Living and working in a boarding school one inevitably slices up time according to terms and holidays. I think teachers must be some of the worst offenders in the crime of wishing your life away to the next holiday. And yet when a holiday arrives, whilst the first days, for me at least, are a relief as I don’t need to wear a suit and can wear antique jeans and sweaters, I soon find I miss the busy-ness of the school full of pupils and I start measuring the time until they return. The place seems empty without all that youthful vim.
A school needs to be full and active. There should be noise and energy and activity. This term we returned to find the new music school inhabited and ready to go in its teaching and learning functions. And what a joy it has been! Richard Baker, our remarkable percussion teacher, has had a smile as broad as the Mersey Tunnel (as they say where I was brought up). Duncan Emerson is patiently adding to his roles of maestro conductor and Director of Music that of tour guide around this new box of delights. Pupils are eager to get into the practice rooms, classical and pop. The place is, as I suppose befits a music school, humming.
But this is not about the fact that we have a very expensive, very beautiful, very exciting, very well-equipped building. This is all about what can be done therein. And what it will allow our – and I very much hope other – pupils to achieve musically because of the facilities and the opportunities to learn which the building allows.
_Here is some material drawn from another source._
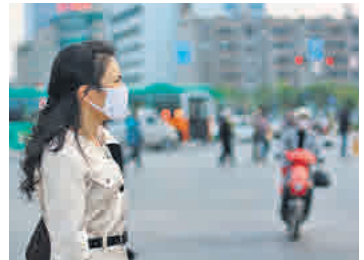
POR TIERRA, MAR Y AIRE: Los diferentes efectos del cambio climático se dejan notar en el calentamiento del mar, la desertificación de varias áreas y la contaminación atmosférica.

Preetpal Bachra, Hsm of Connaught and old boy of Bradford Grammar School (a fine nurse of men), and I were talking of school mottos recently. He told me that his school motto was ‘hoc age’, which might be translated as “Get on with it!” A fine motto, not just for ambitious young Yorkshire men, but for us all; and not least with the opportunities we have afforded to us here at Bryanston. But it’s the Bradford Grammar School Speech Day creed which I think really hits the spot. It is, gratifyingly, a piece of Thucydides: “Men maketh the city, not the walls”. A memorable creed and not just because of the classical root. A school is indeed about its pupils and what they can achieve, and categorically not about bricks and mortar. At Bryanston we strive to give our pupils the ability to achieve remarkable things and it is this aim that is at the centre of all we plan. hoc age!